This is truly the golfing time of year. It is not by chance that the two biggest Open championships happen over the next six weeks – the US Open this weekend and the British Open five weeks later. On a more local level the Captain’s Prize season is in full swing.
There have been dramatic transformations to our own courses in the last month. Those barren-looking parks suffering from the extended winter have come alive, as if injected with an instant bloom steroid.
I went away for a week at the end of May leaving a sparse, end-of-winter landscape and came home to a country covered in rich foliage. It’s the time of year when there is no break for a greenkeeper, with life springing from seemingly the most infertile of places. In a matter of weeks the problem is one of controlling not encouraging.
The prolific effect of fertilizer and growth-promoting agents spread liberally can almost look unreal on a golf course; the brilliant green grass can look like it has been painted with a rich gloss.
Where sprinkler systems have been working overtime on tees and greens, they look verdant and healthy even in the parching last week of the beautiful hot weather. The peripheral areas where the sprinklers over-reached are now jungles in which you could lose your golf bag along with your ball.
There are of course a number of facets in presenting a golf course to us the golfers, who have to try to enjoy but more often battle to endure the rigours of over-enthusiastic course superintendents.
Fundamental quality
The fundamental quality of a good golf course is that it should be playable for all types of golfers from the scratch handicapper to the head-scratching 24 marker, who often find summer golf an overwhelming challenge. I would argue that is solely because of the insane set-up of over-grown courses.
There is a unique look to a links course in the summer that fills seaside golf enthusiasts with joy.
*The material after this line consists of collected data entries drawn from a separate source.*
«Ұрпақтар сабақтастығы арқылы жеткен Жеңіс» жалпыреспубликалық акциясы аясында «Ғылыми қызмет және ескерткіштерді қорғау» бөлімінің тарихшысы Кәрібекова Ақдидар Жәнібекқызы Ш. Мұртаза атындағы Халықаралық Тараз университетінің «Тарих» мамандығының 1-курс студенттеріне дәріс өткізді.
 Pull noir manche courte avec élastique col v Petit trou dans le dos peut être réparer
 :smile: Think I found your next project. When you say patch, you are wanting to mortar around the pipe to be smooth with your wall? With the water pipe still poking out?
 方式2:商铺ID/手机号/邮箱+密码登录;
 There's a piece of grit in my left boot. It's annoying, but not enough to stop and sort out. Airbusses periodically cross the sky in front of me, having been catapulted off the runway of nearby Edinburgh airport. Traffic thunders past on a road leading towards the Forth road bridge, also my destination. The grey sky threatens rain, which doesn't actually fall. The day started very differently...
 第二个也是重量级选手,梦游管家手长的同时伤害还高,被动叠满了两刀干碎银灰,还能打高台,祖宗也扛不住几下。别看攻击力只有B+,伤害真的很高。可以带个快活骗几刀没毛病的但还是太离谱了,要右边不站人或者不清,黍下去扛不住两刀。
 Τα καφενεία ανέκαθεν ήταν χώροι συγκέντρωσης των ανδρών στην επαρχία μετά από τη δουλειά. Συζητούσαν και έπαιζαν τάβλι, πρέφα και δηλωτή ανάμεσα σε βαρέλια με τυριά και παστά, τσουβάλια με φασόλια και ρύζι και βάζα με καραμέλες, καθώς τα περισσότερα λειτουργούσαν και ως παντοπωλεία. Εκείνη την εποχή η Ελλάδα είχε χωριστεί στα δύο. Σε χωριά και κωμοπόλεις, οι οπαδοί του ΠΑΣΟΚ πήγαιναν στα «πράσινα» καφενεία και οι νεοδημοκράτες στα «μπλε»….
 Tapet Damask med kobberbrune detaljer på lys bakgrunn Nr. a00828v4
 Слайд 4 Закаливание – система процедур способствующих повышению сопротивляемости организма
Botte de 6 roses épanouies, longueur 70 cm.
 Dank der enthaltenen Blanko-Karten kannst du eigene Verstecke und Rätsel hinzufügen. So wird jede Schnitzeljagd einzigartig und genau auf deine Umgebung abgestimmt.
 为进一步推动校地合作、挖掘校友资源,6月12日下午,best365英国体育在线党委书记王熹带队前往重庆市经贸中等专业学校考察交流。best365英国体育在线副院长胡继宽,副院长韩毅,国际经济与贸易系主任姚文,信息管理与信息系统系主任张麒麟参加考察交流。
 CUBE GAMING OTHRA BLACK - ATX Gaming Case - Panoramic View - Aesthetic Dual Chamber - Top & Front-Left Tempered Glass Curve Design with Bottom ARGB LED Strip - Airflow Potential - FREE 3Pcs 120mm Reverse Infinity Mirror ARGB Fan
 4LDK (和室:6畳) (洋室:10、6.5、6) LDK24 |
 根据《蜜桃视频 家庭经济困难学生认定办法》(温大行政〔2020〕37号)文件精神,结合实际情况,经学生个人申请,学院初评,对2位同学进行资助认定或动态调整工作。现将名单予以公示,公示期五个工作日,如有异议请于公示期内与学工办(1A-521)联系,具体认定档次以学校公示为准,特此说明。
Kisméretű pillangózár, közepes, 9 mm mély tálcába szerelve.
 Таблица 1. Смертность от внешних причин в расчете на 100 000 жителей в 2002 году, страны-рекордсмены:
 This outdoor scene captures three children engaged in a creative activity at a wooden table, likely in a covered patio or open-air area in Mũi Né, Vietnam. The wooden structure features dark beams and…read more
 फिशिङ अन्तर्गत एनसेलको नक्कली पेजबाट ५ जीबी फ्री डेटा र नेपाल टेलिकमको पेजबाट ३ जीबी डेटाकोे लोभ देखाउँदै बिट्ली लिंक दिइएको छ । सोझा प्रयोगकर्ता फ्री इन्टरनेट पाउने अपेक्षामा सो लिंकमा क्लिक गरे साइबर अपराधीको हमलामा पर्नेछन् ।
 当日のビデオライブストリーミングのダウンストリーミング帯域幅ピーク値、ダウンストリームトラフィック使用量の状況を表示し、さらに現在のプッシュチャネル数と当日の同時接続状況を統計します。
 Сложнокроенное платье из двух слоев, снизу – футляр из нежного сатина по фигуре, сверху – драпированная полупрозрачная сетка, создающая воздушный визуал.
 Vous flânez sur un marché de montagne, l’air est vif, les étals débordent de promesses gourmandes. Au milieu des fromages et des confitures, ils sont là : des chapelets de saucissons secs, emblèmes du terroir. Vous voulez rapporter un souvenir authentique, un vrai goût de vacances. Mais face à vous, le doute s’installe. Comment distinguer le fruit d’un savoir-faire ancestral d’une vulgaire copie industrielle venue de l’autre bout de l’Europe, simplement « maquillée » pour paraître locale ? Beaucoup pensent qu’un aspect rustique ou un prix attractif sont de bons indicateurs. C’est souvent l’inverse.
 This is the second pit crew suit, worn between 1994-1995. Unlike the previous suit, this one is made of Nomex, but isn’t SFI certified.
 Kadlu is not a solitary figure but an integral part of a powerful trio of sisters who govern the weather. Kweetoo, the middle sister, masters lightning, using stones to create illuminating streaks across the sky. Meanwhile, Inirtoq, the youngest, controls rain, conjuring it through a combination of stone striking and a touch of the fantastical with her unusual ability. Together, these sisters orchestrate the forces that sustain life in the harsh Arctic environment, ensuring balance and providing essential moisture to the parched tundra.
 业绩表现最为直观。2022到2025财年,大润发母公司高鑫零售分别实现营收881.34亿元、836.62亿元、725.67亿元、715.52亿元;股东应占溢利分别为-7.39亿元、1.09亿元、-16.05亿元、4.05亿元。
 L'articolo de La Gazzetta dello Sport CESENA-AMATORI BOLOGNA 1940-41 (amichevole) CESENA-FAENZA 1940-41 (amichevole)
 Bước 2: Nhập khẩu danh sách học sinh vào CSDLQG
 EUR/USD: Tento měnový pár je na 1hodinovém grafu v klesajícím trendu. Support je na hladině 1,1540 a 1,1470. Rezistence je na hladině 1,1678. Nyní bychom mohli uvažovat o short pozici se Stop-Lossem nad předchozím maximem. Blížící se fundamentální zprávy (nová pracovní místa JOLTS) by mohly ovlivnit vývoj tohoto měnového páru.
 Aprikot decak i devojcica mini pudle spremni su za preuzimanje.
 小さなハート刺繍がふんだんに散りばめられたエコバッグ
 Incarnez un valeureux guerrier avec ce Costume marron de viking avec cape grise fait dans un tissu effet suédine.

The swaying fescue grasses framing the more parched bone-hard fairways waiting to receive errant drives or more subtly those hit with the wrong shape on the wrong wind.
The degree of skill required to control your golf ball on a true links course in summer is exponential; it can be a reality check for many of us as we thought we could perform with a handicap that was manageable off forward tees onto soft fairways and greens with no intimidating rough.
There can be no doubt that all of us are influenced by professional golf. It is the ultimate dream for golfers as to how the game should be; perfect courses, perfect swings, perfect scores.
The search for perfection is what drives most golfers. It is such an elusive and misleading lure that it is what surely turns most golfers away from a game, so it has to be carefully managed.
So when clubs host a big event, whether at professional or top amateur level, setting the course up as tough and ultimately as perfectly as they think possible is what motivates organisers and greenkeepers.
The reality is that golf clubs should focus on what their loyal members’ needs are, and not some transient golfing troubadours’ needs to challenge their exceptional skills once a year.
Despite the visual beauty of flowing fescue between tee and fairway there is usually only one type of player that it intimidates and disheartens, and that is the one who struggles to get it off the tee in the first place. It rarely affects the better golfer. Therefore in the interest of enjoyment for the higher handicapper, there should be minimal rough from tee to fairway – it should be mainly lateral.
Proud members
Where a golf course thrives in summer is around the greens. It is usually when proud members brag about the quality of their putting surfaces. They are usually rock hard and unless you hit your chip shots perfectly they will not even attempt to spin and tend to go waltzing across the green. Creativity is what is needed around what can be better described as terraces or patios, given the firmness of links summer greens.
So for those in charge of setting up their golf courses in this the true golfing season hopefully they can think of the average golfer who needs to be motivated by the challenge of the course and not horrified by it.
When the course is at its toughest, due to nature, it is vital to moves tees according to the wind direction, set pins in sensible positions and encourage members to seek perfection in their bunker raking.
We are in the peak golfing season. It’s the time to encourage us amateur enthusiasts to embrace the challenge of a course in its prime. Not make us seriously consider a brisk walk as an alternative.